Il soutient qu’il est dans son intérêt de solliciter la réalisation d’une expertise afin de procéder à toutes constatations relatives à l’état des immeubles susceptibles d’être affectés par des dommages, ainsi qu’aux causes et à l’étendue des dommages qui surviendraient effectivement pendant la durée de sa mission.

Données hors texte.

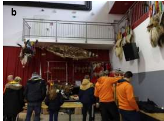
Slika 40 a - b: Sejem korantove opreme.

Vu les autres pièces du dossier.
Vu le code de justice administrative.
La présidente du tribunal a désigné M. Coudert, vice-président, en application de l’article L. 511-2 du code de justice administrative pour statuer en matière de référé.
Considérant ce qui suit :
Sur la demande d’expertise :
Aux termes de l’article R. 532-1 du code de justice administrative : « Le juge des référés peut, sur simple requête et même en l’absence de décision administrative préalable, prescrire toute mesure utile d’expertise ou d’instruction. / (…) ». Aux termes de l’article R. 532-1-1 du même code : « Le juge des référés peut charger un expert de procéder, lors de l’exécution de travaux publics, à toutes constatations relatives à l’état des immeubles susceptibles d’être affectés par des dommages puis, le cas échéant, aux causes et à l’étendue des dommages qui surviendraient effectivement pendant la durée d’exécution des travaux. / L’ordonnance désignant l’expert peut prévoir, par dérogation à l’article R. 751-3, qu’elle sera notifiée par le demandeur aux personnes dont les immeubles sont susceptibles d’être affectés par des dommages. / L’expert dépose un premier rapport accompagné d’un état de ses vacations, frais et débours, dès l’issue de la phase de constat. Le président de la juridiction ou, au Conseil d’Etat, le président de la section du contentieux fixe alors par ordonnance le montant des honoraires et des frais et débours dû à l’expert, dans les conditions prévues par l’article R. 621-11. / La mission de l’expert peut se poursuivre, si l’ordonnance mentionnée au deuxième alinéa l’a prévu, pour rechercher les causes et l’étendue des dommages qui surviendraient pendant la durée d’exécution des travaux, à l’initiative du demandeur saisi, le cas échéant, par l’une des parties mentionnées au deuxième alinéa. Le montant des honoraires et des frais et débours est fixé après le dépôt du ou des rapports relatifs aux dommages dans les conditions prévues par l’article R. 621-11, sans préjudice de l’application des dispositions de l’article R. 621-12 ».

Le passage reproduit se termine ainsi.